Heritage’s seasonal menu features familiar food all gussied up. Mixed green salad with blackberries, walnuts and goat cheese; oysters with caviar and champagne; duck with grits, okra and blueberry barbecue. If you’re curious about where chef Paul Verica sources his food, you need only look at the restaurant’s website, where local farmers receive hearty shout-outs. Heritage is open for dinner and brunch – and if you should visit for the latter meal, the fresh-baked doughnuts are certainly worth a try.
3415 S.C. 51 North, Fort Mill; 803-548-1612.
The menu (designed by chef Aaron Rivera) is classified as modern Hispanic and features small, vivid, tightly focused plates. Octopus and shrimp ceviche benefit from the juice of oranges. Brisket tacos team up with a charred onion chimichurri, queso fresco and avocado. You may be familiar with risotto, but Tapas 51’s version incorporates saffron butter, green peas and tomato jam. It’s conceivable you won’t have room for dessert; still, you may want to while away the evening with the restaurant’s Colombian coffee.
1912 Mount Gallant Road, Suite 108, Rock Hill; 803-792-4449.
Chef Greg Collier is a Tennessee native who’s done stints at fine-dining establishments. But he and his wife, Subrina, have a “love affair with breakfast,” so The Yolk is all breakfast all the time.

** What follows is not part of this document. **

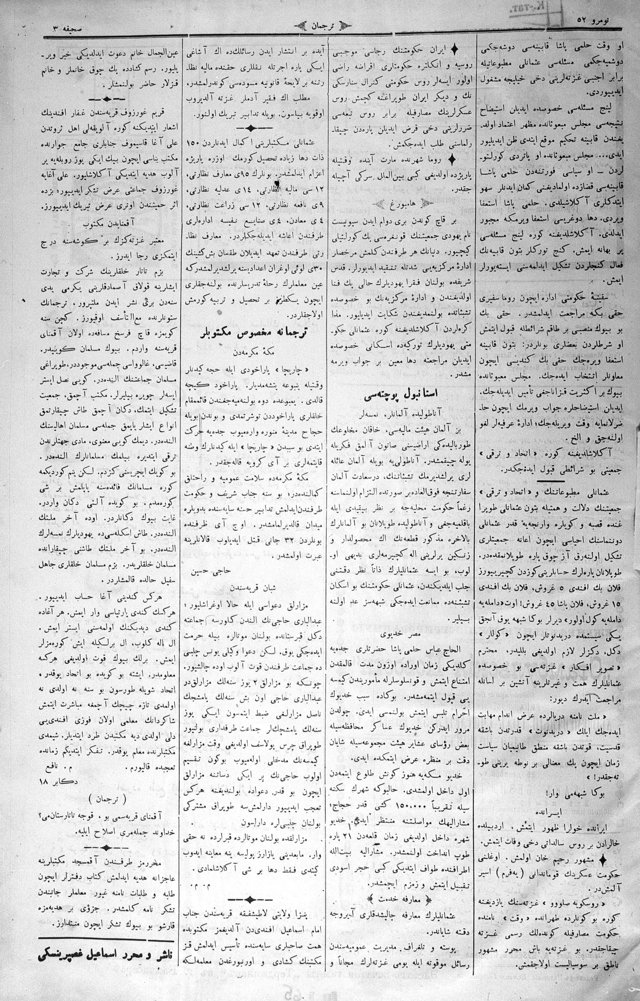 The name of the newspaper changed to Tercüman-ı Ahval-i Zaman in 1905. In 1909, it started to be published under its first name, Tercüman.

Collier’s menu includes Mo-Joe Hash – which brings together coffee marinated steak, diced sweet potato, roasted mushrooms, scallion pesto and eggs over easy – and chocolate pancakes with white chocolate chips and milk chocolate buttercream.
The String Bean
106 N. Main St., Belmont; 704-825-3636.
If you’re ordering in at this combination market/restaurant, consider the 3 Little “Cow” Pigs. Part of the fun of these sliders is that neither you nor the server knows what you’re going to get – the kitchen staff decides how to prepare them. In any event, pair them with duck fat fries. Should you want to take something home to cook on your own, steaks, chicken, fish and deli meats are available. Finding something to drink shouldn’t be a problem, either: The String Bean carries 200 beers and 400 wines.